# matrix products

• Jul 7th 2007, 07:39 AM
CT_Math
matrix products
How would I find a 2x2 matrix to multiply another 2x2 matrix by to get zero if that matrix is not the zero matrix? Specifically I have
[1 2]
[3 4] times B = 0
• Jul 7th 2007, 07:50 AM
Jhevon
Quote:

Originally Posted by CT_Math
How would I find a 2x2 matrix to multiply another 2x2 matrix by to get zero if that matrix is not the zero matrix?

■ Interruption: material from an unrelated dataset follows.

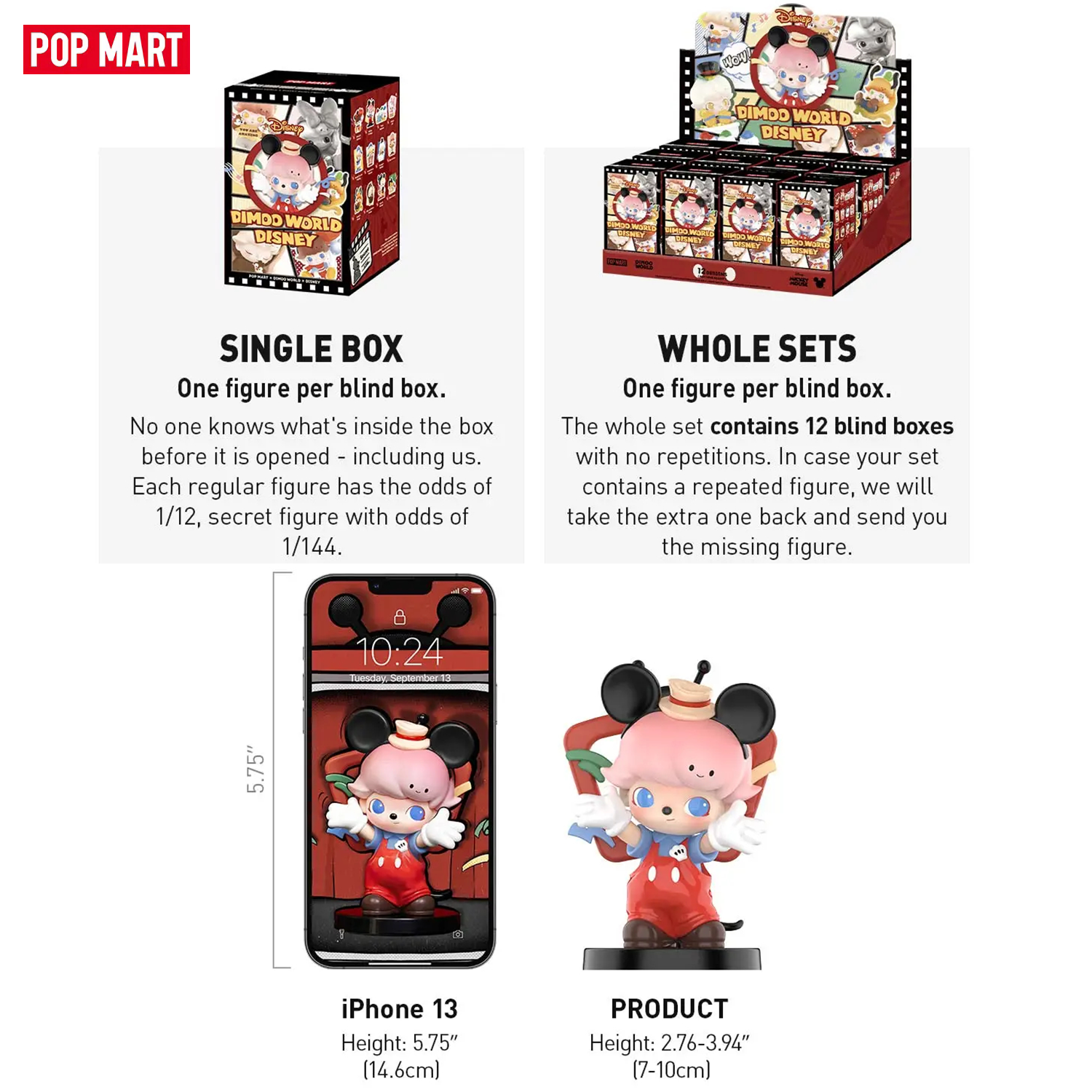 Купить Коллекционная фигурка Pop Mart "DIMOO World X Disney", игрушка-сюрприз, пластик, 8 см

Specifically I have
[1 2]
[3 4] times B = 0

Let the unknown matrix be $B = \left(\begin{array}{cc}a&b\\c&d\end{array}\right)$

We want:

$\left(\begin{array}{cc}1&2\\3&4\end{array}\right) \left(\begin{array}{cc}a&b\\c&d\end{array}\right) = \left(\begin{array}{cc}0&0\\0&0\end{array}\right)$

$\Rightarrow \left(\begin{array}{cc} a + 2c & b + 2d \\ 3a + 4c & 3b + 4d \end{array}\right) = \left(\begin{array}{cc}0&0\\0&0\end{array}\right)$

Thus we need the solution to the systems:

$a + 2c = 0$ ..............(1)
$3a + 4c = 0$ ..............(2)

and

$b + 2d = 0$ ....................(1)
$3b + 4d = 0$ ...................(2)

Can you take it from here?

(That's the systematic way to do it, but really, as with numbers, multiplying any number by zero gives zero, so too with matrices: any matrix times the zero matrix gives the zero matrix, you will find that the solution to the above systems is a = b = c = d = 0)
• Jul 7th 2007, 09:17 AM
red_dog
Let $\displaystyle A=\left(\begin{array}{cc}1 & 2\\3 & 4\end{array}\right)$. We have $\det A=-2$, so $A$ is invertible. Then multiplying both members at left with $A^{-1}$, we have
$A^{-1}(AB)=A^{-1}O_2\Leftrightarrow (A^{-1}A)B=O_2\Leftrightarrow I_2B=O_2\Leftrightarrow B=O_2$
• Jul 7th 2007, 09:18 AM
Jhevon
Quote:

Originally Posted by red_dog
Let $\displaystyle A=\left(\begin{array}{cc}1 & 2\\3 & 4\end{array}\right)$. We have $\det A=-2$, so $A$ is invertible. Then multiplying both members at left with $A^{-1}$, we have
$A^{-1}(AB)=A^{-1}O_2\Leftrightarrow (A^{-1}A)B=O_2\Leftrightarrow I_2B=O_2\Leftrightarrow B=O_2$

that's a very elegant way to do it. i like it! my way was more brute-force-follow-your-nose
• Jul 7th 2007, 03:11 PM
topsquark
Quote:

Originally Posted by Jhevon
(That's the systematic way to do it, but really, as with numbers, multiplying any number by zero gives zero, so too with matrices: any matrix times the zero matrix gives the zero matrix, you will find that the solution to the above systems is a = b = c = d = 0)

However beware!
$\left ( \begin{array}{cc} 1 & 1 \\ 1 & 1 \end{array} \right ) \cdot \left ( \begin{array}{cc} 1 & -2 \\ -1 & 2 \end{array} \right ) = \left ( \begin{array}{cc} 0 & 0 \\ 0 & 0 \end{array} \right )$

(This is due to red_dog's condition $\text{det}A \neq 0$, which is violated here.)

-Dan
• Jul 7th 2007, 03:30 PM
Jhevon
Quote:

Originally Posted by topsquark
However beware!
$\left ( \begin{array}{cc} 1 & 1 \\ 1 & 1 \end{array} \right ) \cdot \left ( \begin{array}{cc} 1 & -2 \\ -1 & 2 \end{array} \right ) = \left ( \begin{array}{cc} 0 & 0 \\ 0 & 0 \end{array} \right )$

(This is due to red_dog's condition $\text{det}A \neq 0$, which is violated here.)

-Dan

Yeah, we can create a more general formula to find such matrices when the determinant is zero
• Jul 7th 2007, 05:21 PM
topsquark
Quote:

Originally Posted by Jhevon
Yeah, we can create a more general formula to find such matrices when the determinant is zero

Which pretty much can only be done by the method that you posted. ;)

-Dan